Print the listing below word for word, but drop any pictures it contains.
Start of Supplied material
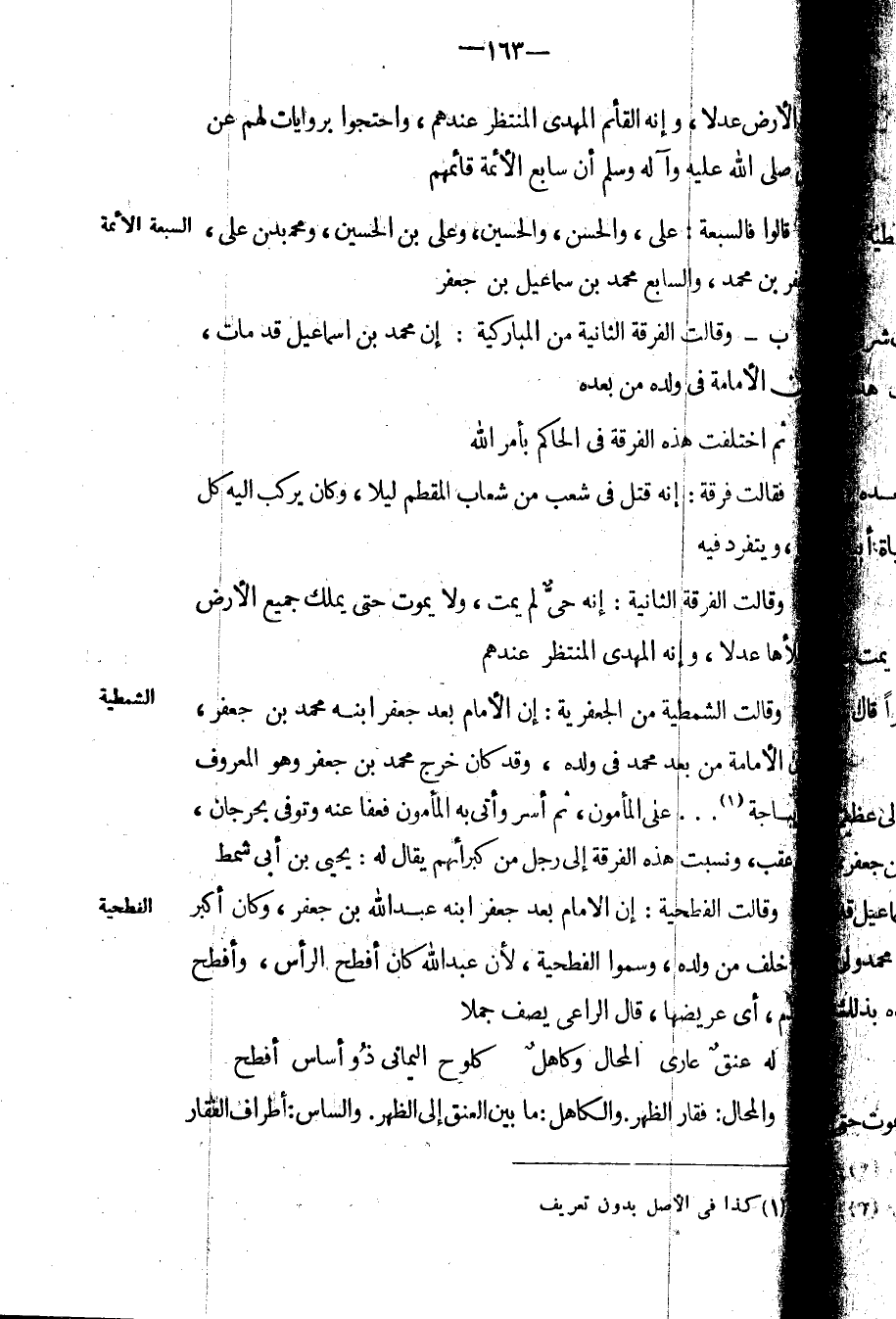 وقالت الفطحية: إن الإمام بعد جعفر ابنه عبد الله بن جعفر، وكان أكبر من خلف من ولده، وسموا الفطحية، لأن عبد الله كان أفطح الرأس، وأفطح القدم، أي عريضها، قال الراعي يصف جملاً:
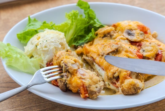 3種のチーズをたっぷり使用し、香ばしく焼き上げた鶏もも肉にコクと旨味をプラス。自家製ポテトサラダを添えて提供します。
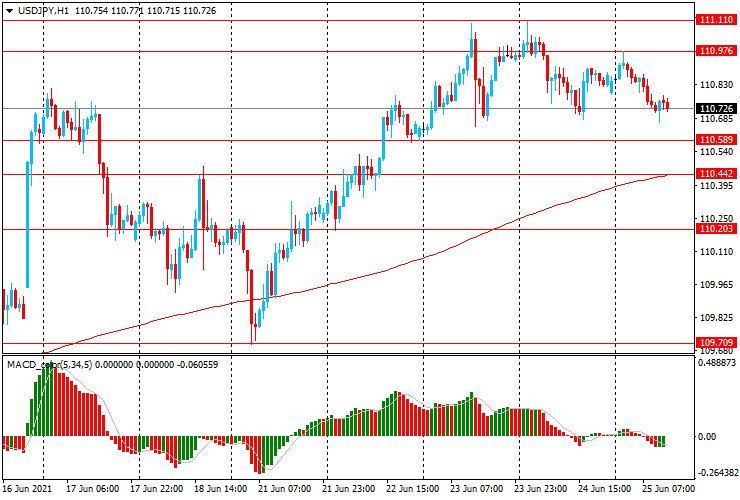 Вчера пара USD/JPY торговалась с понижением и закрыла день в красной зоне около цены Y110.85. Сегодня пара торговалась в узком диапазоне Y110.85-95, оставаясь вблизи максимумов марта 2020. На часовом графике USD/JPY все еще торгуется выше линии скользящей средней МА (200) Н1 (Y110.40). На четырехчасовом графике ситуация аналогичная. Исходя из вышесказанного, вероятно, стоит придерживаться северного направления в торговле и пока пара остается выше MA 200 H1, необходимо искать точки входа на покупку на формирование коррекции.
End of Supplied material
# Answer section
 وقالت الفطحية: إن الإمام بعد جعفر ابنه عبد الله بن جعفر، وكان أكبر من خلف من ولده، وسموا الفطحية، لأن عبد الله كان أفطح الرأس، وأفطح القدم، أي عريضها، قال الراعي يصف جملاً:
 3種のチーズをたっぷり使用し、香ばしく焼き上げた鶏もも肉にコクと旨味をプラス。自家製ポテトサラダを添えて提供します。
 Вчера пара USD/JPY торговалась с понижением и закрыла день в красной зоне около цены Y110.85. Сегодня пара торговалась в узком диапазоне Y110.85-95, оставаясь вблизи максимумов марта 2020. На часовом графике USD/JPY все еще торгуется выше линии скользящей средней МА (200) Н1 (Y110.40). На четырехчасовом графике ситуация аналогичная. Исходя из вышесказанного, вероятно, стоит придерживаться северного направления в торговле и пока пара остается выше MA 200 H1, необходимо искать точки входа на покупку на формирование коррекции.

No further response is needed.